* [Problem description]:
Word for word, transcribe the data below from the line with "ژل اسید اچ پرسلن" to the line with "2021年新作フレアジーンズレディース春秋伸縮性レトロ9点ハイウエストスリミング秋タイトフレアパンツ ハイウェスト レッド", keeping both of those lines.

▶

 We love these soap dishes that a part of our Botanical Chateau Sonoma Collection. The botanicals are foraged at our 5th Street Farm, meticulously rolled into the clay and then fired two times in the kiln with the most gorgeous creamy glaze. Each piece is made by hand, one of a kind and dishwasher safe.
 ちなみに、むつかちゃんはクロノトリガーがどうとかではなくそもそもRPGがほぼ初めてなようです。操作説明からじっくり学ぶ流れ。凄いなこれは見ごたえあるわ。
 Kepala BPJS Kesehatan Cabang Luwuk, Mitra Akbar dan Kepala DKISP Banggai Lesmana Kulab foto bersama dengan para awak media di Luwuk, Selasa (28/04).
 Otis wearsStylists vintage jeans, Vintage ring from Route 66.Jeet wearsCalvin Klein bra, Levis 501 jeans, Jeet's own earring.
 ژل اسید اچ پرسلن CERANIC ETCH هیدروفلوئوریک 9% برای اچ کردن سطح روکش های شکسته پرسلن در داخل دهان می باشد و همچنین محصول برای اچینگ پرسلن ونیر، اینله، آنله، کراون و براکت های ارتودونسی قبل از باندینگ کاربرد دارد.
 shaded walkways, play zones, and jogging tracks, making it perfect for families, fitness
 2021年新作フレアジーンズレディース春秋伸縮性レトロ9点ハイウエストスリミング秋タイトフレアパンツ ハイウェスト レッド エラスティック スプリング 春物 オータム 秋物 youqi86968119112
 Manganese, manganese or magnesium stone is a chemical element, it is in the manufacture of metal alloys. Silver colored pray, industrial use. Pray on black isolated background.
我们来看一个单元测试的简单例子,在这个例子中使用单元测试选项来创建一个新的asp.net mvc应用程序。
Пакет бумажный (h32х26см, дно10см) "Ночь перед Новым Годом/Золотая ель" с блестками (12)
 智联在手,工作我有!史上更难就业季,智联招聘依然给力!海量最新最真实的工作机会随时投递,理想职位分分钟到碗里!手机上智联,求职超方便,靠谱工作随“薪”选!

◀

* [Your solution]:
 ژل اسید اچ پرسلن CERANIC ETCH هیدروفلوئوریک 9% برای اچ کردن سطح روکش های شکسته پرسلن در داخل دهان می باشد و همچنین محصول برای اچینگ پرسلن ونیر، اینله، آنله، کراون و براکت های ارتودونسی قبل از باندینگ کاربرد دارد.
 shaded walkways, play zones, and jogging tracks, making it perfect for families, fitness
 2021年新作フレアジーンズレディース春秋伸縮性レトロ9点ハイウエストスリミング秋タイトフレアパンツ ハイウェスト レッド エラスティック スプリング 春物 オータム 秋物 youqi86968119112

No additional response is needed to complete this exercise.